Friends mark major centenary

Role of Friends in conscience clause highlighted

Rachel Brett at Westminster. | Photo: Anne van Staveran.

The work by Quakers to ensure recognition of the right to refuse to kill was marked at Westminster last week on the centenary of the passing of the Military Service Act in 1916.

An event was held in the Atlee Suite at Portcullis House beside the House of Commons on Wednesday 27 January and featured readings and talks by MPs and Friends.

The Military Service Act introduced conscription and was passed on 27 January 1916.

The centenary of the Act was also marked at the Scottish parliament in Edinburgh with a similar event on Thursday 28 January.

Paul Parker, recording clerk of Britain Yearly Meeting, who also attended the gathering in Edinburgh, chaired the Westminster event.

Helen Goodman, MP, talked of the importance of the Act in the context of individual rights and freedom of conscience.

The historian and journalist David Boulton, author of Objection Overruled, then gave an extended talk about the Act. He stressed how Quaker MPs, such as Arnold Rowntree, worked with others to ensure that the Act contained a ‘conscience clause’ that would give men the right to conscientiously object to combat service. 

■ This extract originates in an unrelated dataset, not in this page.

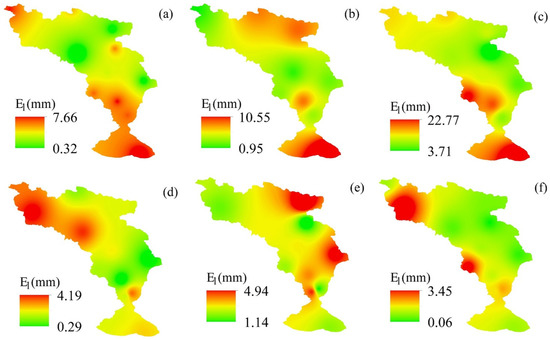 In terms of monthly variations, the ratio of E1 in June to August 2018 in the Shaliu River basin was 0.36% to 12.34%, 1.34% to 22.72%, and 3.32% to 22.87%, respectively. The average ratio of E1 was 6.83%, 7.72%, and 12.57%, respectively (Figure 9a). The variation of the average E1 ratio in the summer of 2018 showed a trend of first decreasing and then increasing. The maximum average E1 ratio was in August and the minimum value was in July (Figure 9a). In terms of spatial variation, the high-value areas of E1 ratio were mainly distributed in the southern part of the basin (Figure 10a–c). In June to August 2019, E1 ratio in the Shaliu River basin was 0.72% to 9.81%, 3.13% to 14.01%, and 0.17% to 11.57%, respectively. The average ratio of E1 was 5.82%, 8.26%, and 3.87%, respectively (Figure 9a). The variation of the average E1 value in the summer of 2019 showed a trend of increasing. The maximum average E1 value was in August and the minimum value was in June (Figure 9a). In terms of spatial variation, the high-ratio areas of E1 were mainly distributed in the northwestern and northeastern part of the basin (Figure 10d–f). There were certain differences in the monthly and spatial variations of E1 in the Shaliu River basin in the summer of 2019, indicating that the E1 in the basin has regional differences.

David explained the widespread opposition there had been to the inclusion of a ‘conscience clause’ in the Act. He described how a Quaker dominated ‘joint action committee’ had been the ‘powerhouse of the campaign’ and praised their work and that of the No Conscription Fellowship in ensuring that a conscience clause was part of the final Act.

He talked about the numbers of people who applied for exemption under the conscience clause, the working of the tribunals set up to judge individual cases, and the different categories that they fell into. There were some 1,300 ‘absolutists’. He also described the terrible treatment suffered by many conscientious objectors (COs).

Rachel Brett, formerly Quaker representative to the United Nations, spoke about the importance of the legislation in the context of universal rights. The recognition of an individual’s right to ‘freedom of thought, conscience and religion’ was, she explained, a very significant element of the Military Service Act of 1916. She stressed the importance of establishing the right as an ‘individual right’ and not a right given to ‘groups’.

She also spoke about those countries in the world today, such as Israel and South Korea, which still had forms of conscription.

In praising the campaigners of 1916, she highlighted the fact that Britain was the only country in the first world war to introduce a ‘conscience clause’ and that the legislation, which was of historic importance, was implemented in the middle of a European conflict.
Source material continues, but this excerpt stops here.